Researchers David Roe ’06 and Andrew Sutherland ’90, PhD ’07 are among the first recipients of Mathematics Grant Renaissance Charitable and AI at XTX Markets.
Four MIT alumni – Anshula Gandhi ’19, Viktor Kunchak SM ’01, PhD ’07; Gireeja Ranade ’07; also recognized for Damiano Testa ’05 – separate projects.
The first 29 winning projects will support mathematicians and researchers from universities and organizations working to develop artificial intelligence systems that will help advance mathematical discovery and research across several important tasks.
Law and Sutherland, together with Chris Birkbeck of the University of East Anglia, will use grants to enhance the automatic theorem by building a connection between L-functions and the Modular Forms Database (LMFDB) and the LEAN4 Mathematics Library (Mathlib).
“Automized theorem formulas are very technically involved, but their development is lacking in resources,” Sutherland says. With AI technologies such as large-scale language models (LLM), the input barriers for these formal tools are rapidly being removed, making them accessible to mathematicians working for formal verification frameworks.
Mathlib is a large community-driven mathematics library for Rean Theorem Prover, and is a formal system that verifies the accuracy of every step of the evidence. Mathlib is currently included in 10 orders5 Mathematical results (lemma, proposition, theorem, etc.). LMFDB includes over 10 large, collaborative online resources that serve as a kind of “encyclopedia” of modern numerical theory.9 Specific statements. Sutherland and Roe manage the editors of LMFDB.
The Roe and Sutherland grants will be used in projects aimed at enhancing both systems, and will now be available within Mathlib as an assertion that has not yet been formally proven, providing an accurate and formal definition of numerical data stored within the LMFDB. This bridge benefits both human mathematicians and AI agents, providing a framework for connecting other mathematical databases to formal theorem provisioning systems.
The main obstacles to automating mathematical discovery and evidence are the limited amount of formalized mathematical knowledge, the high cost of formalizing complex results, and the gap between what is computable and what is feasible formalizing.
To address these obstacles, researchers will use funds to build tools for accessing LMFDB from Mathlib and create a large database of nonforming mathematical knowledge that can access formal proof systems. This approach allows the Proof Assistant to identify specific targets for formalization without the need to formalize the entire LMFDB corpus in advance.
“When we create a large database of informalized, mathematical theoretical facts available within Mathlib, it provides a powerful method of mathematical discovery, as the set of facts an agent wants to consider when searching for a theorem or proof is exponentially larger than the facts that need to be formalized by ultimately proving the theory,” says Roe.

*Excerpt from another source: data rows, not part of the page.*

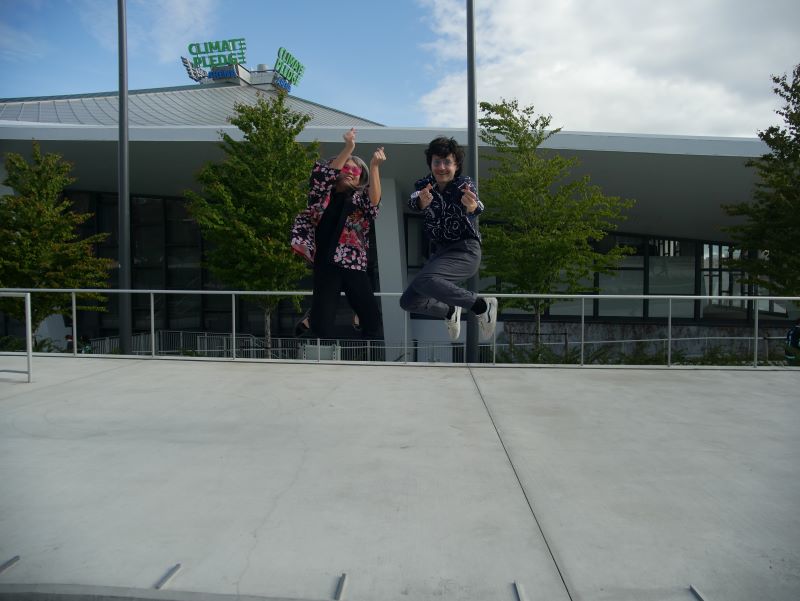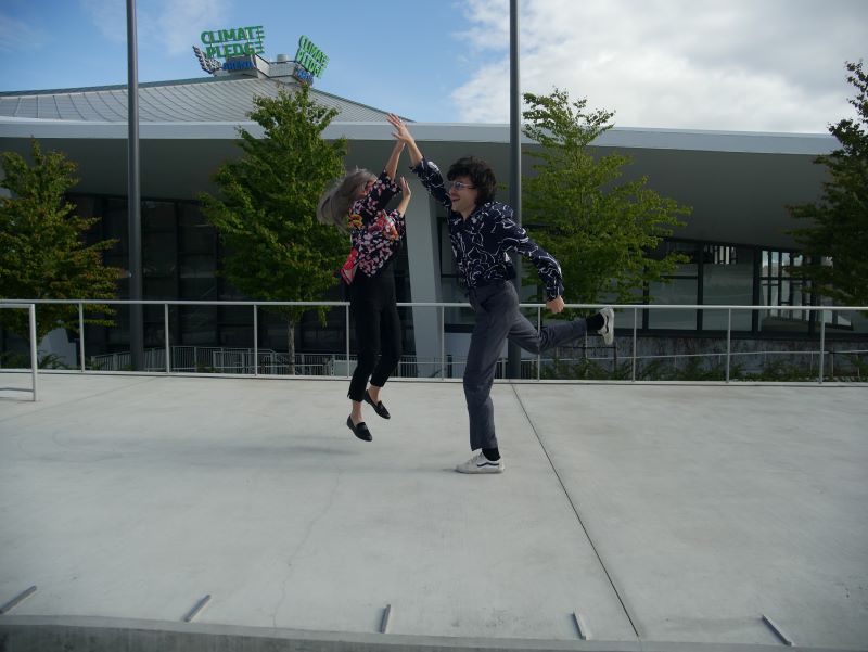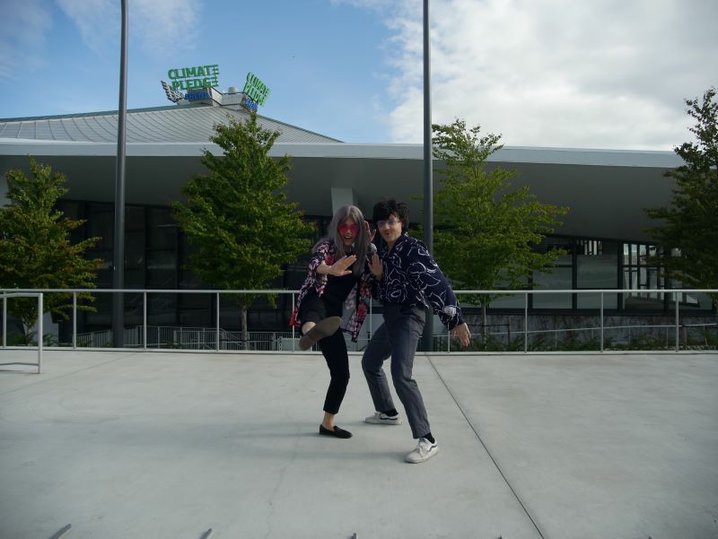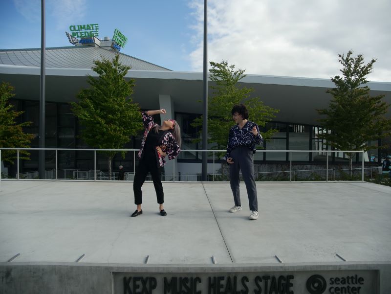 In the fading moments of office hours, Anne Tong and Bryce Barsten — the married duo who write and perform songs as Chinese American Bear — meet me in the courtyard of KEXP, helmets in hand. It’s the first warm day of the year (a little late to the party, given this day reveals itself in late April) and in spite of temperatures being somewhere in the 70s, folks wearing hockey jerseys have descended upon Seattle Center in support of the Kraken’s home game in the NHL Playoffs, making themselves eligible for the tournament for the Stanley Cup in only their second season.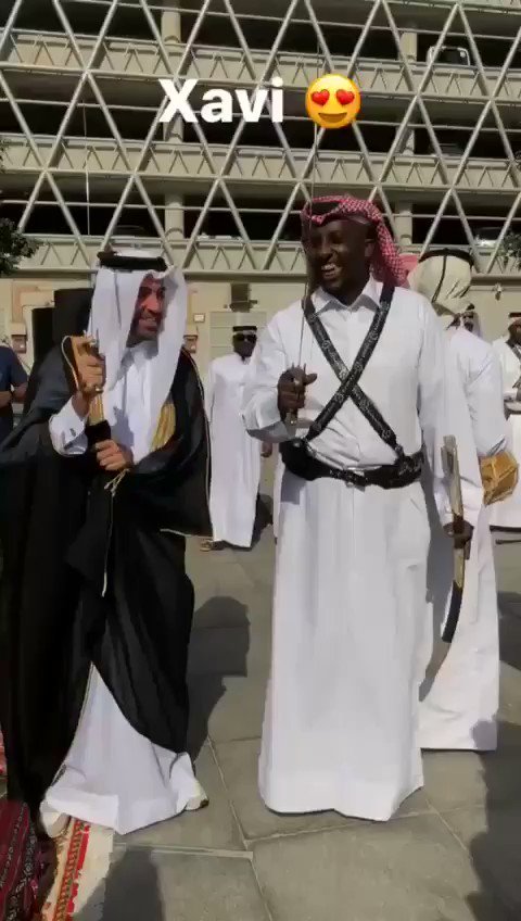 Xavi Hernández aprende a usar el sable vestido de jeque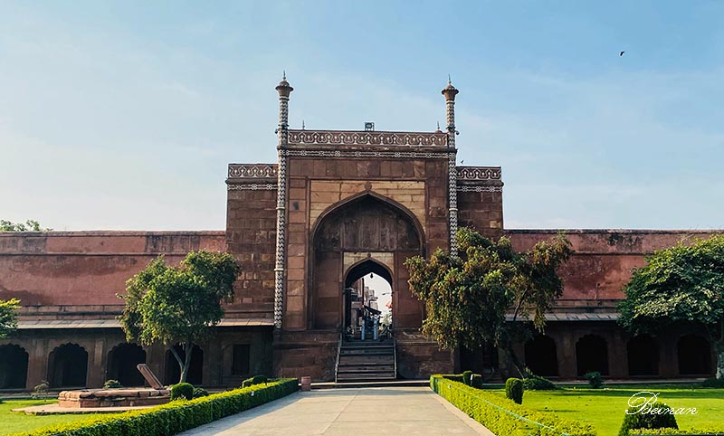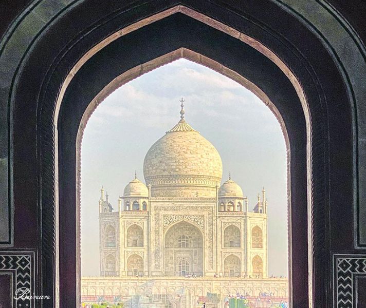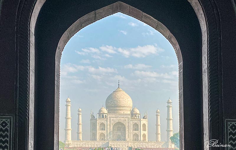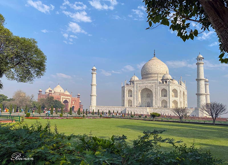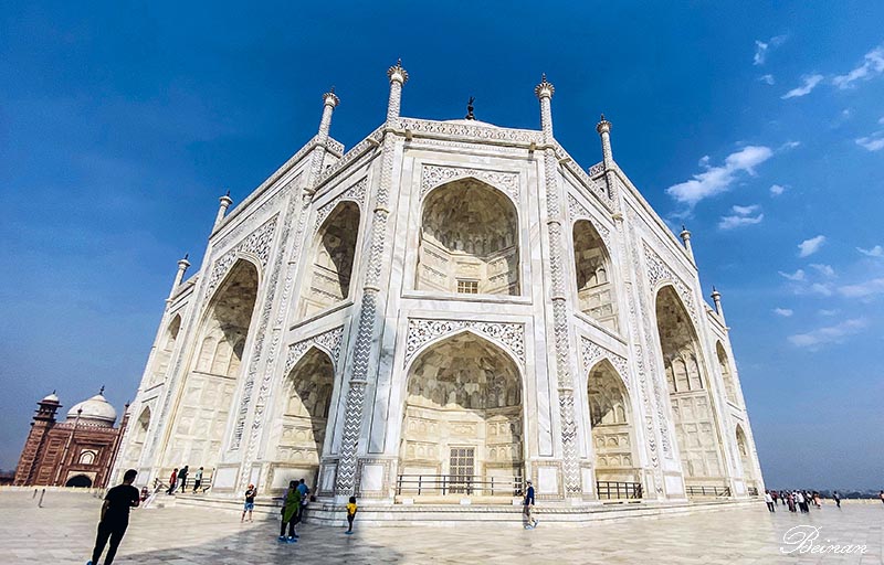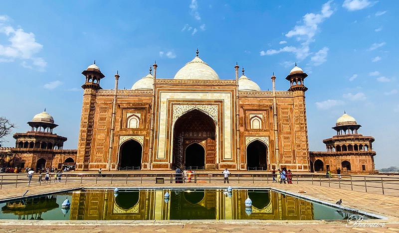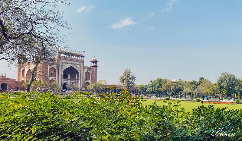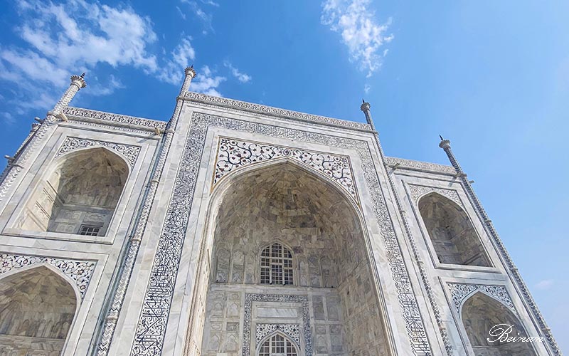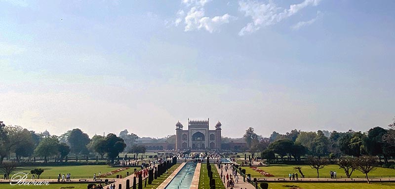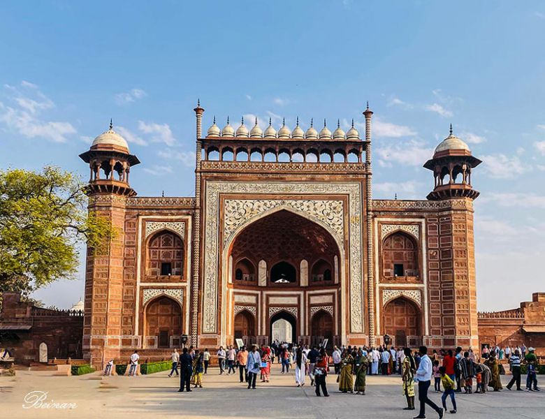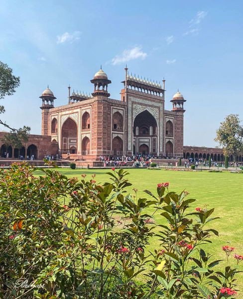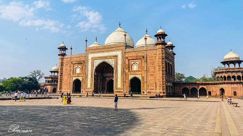 还没有看到泰姬陵,已经被这个大门(Great Gate / Darwaza-i rauza)的气势镇住。这个大门是陵墓的主要入口。它由红砂岩制成,并饰有错综复杂的白色大理石镶嵌物。大门的装饰富丽堂皇,上面雕刻着花卉或植物图案,还有用精美的书法篆刻的古兰经经文。
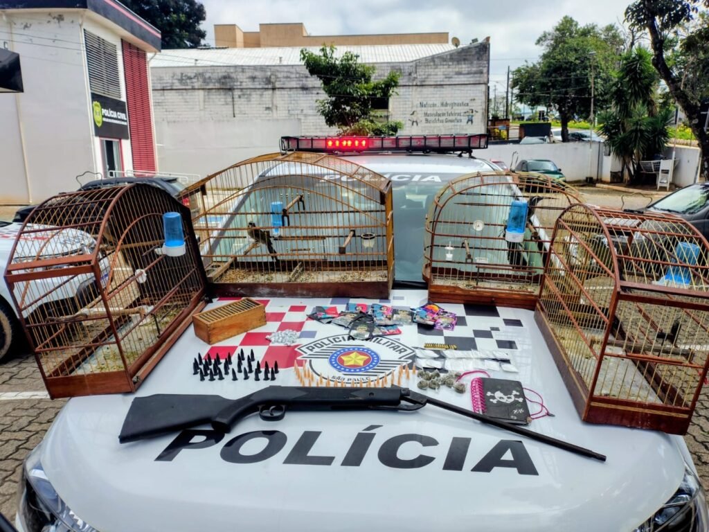 Ao realizar diligência na residência do abordado, a equipe localizou uma espingarda de pressão modificada para arma de fogo de calibre 22 e quatro pássaros silvestres sem registro.

Researchers point out that proving new theorems in the frontier of mathematical knowledge often involves procedures that rely on non-trivial calculations. For example, the evidence for Andrew Wiles’ Fermat’s final theorem uses what is known as the “3-5 trick” at the key points of the evidence.
“This trick relies on the fact that modular curve X_0(15) has only finite rational points, and none of these rational points correspond to semi-stable elliptic curves,” according to Sutherland. “This fact is known long before Wiles’s work and can be easily verified using calculators available in modern computer algebra systems, but it cannot be realistically proven using pencils and paper, nor can it be easily formalized.”
For more efficient verification, formal theorem probers are connected to computer algebraic systems, but there are several other advantages to leveraging the computational output of existing mathematical databases.
Using saved results will save you the money you need to redo these calculations, taking advantage of thousands of CPU years of calculation time already spent creating LMFDBs. Making pre-computed information available will also allow you to search for examples and counterexamples without knowing in advance how extensive your search will be. Furthermore, mathematical databases are curated repositories rather than simply a random collection of facts.
“The fact that numbers theorists highlighted the role of conductors in databases of elliptic curves has already proven important for one notable mathematical discovery made using machine learning tools: tweets,” says Sutherland.
“Our next step is to build a team, engage both in the LMFDB and Mathlib communities, formalize the definitions that underpin the LMFDB elliptic curves, numeric fields, and modular format sections of LMFDB, allowing you to perform LMFDB searches from within Mathlib. “If you’re a MIT student who’s interested in being involved, feel free to reach out!”